Ruthenium and Cobalt are potential candidate in replacing copper for interconnects and have been applied in the trenches and vias in semiconductor industry. A non-oxidizing reactant is required in atomic layer deposition (ALD) of thin films of these metals to avoid O-contamination. ALD of Ru and Co has been demonstrated experimentally, but the growth mechanism and key reactions are not clear. In this paper, the reaction mechanism of metal cyclopentadienyl (Cp, C5H5) precursors (RuCp2 and CoCp2) and NHx-terminated metal surfaces (Ru and Co) is studied by density functional theory (DFT) calculations. The Cp ligands are eliminated by CpH formation via a hydrogen transfer step and may desorb from metal surface. The nature of the NHx-termination plays an important role in the reaction energies and barriers as does the surface facet on Ru and Co, with (001) and (100) surfaces showing different reaction energetics. The results show that on the NHx-terminated surfaces corresponding to ALD operating condition (temperature range 550K to 650K), the two Cp ligands can be eliminated completely on both Ru and Co (100) surface during the metal precursor pulse, resulting in Ru or Co atom deposited on the (100) surface.

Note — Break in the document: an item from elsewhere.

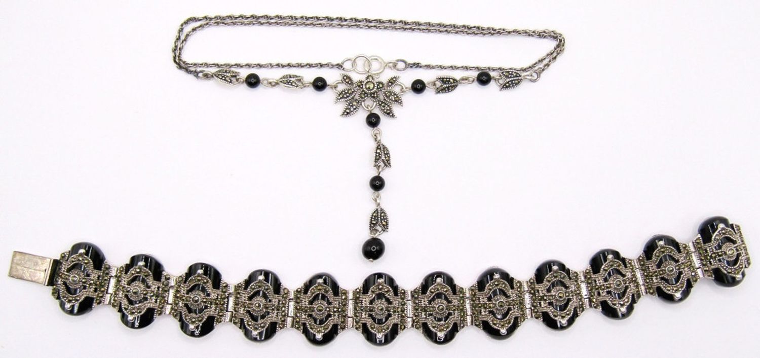 STUNNING PIECE 7 1/4″ LONG plus BEAUTIFUL DANTY DRAGONFLY MARCASITE NECKLACE marked THIALAND ( 43 dwt)

But the second Cp ligand reaction of hydrogen transfer is thermodynamically unfavourable on the (001) surface, resulting in RuCp or CoCp fragment termination on (001) surface, along with the possibility of surface boned CpH. CoCp2 always has lower reaction barriers than RuCp2, regardless of surface facets or NHx coverage. These final structures after metal precursor pulse are essential to model the reaction during the following N-plasma step.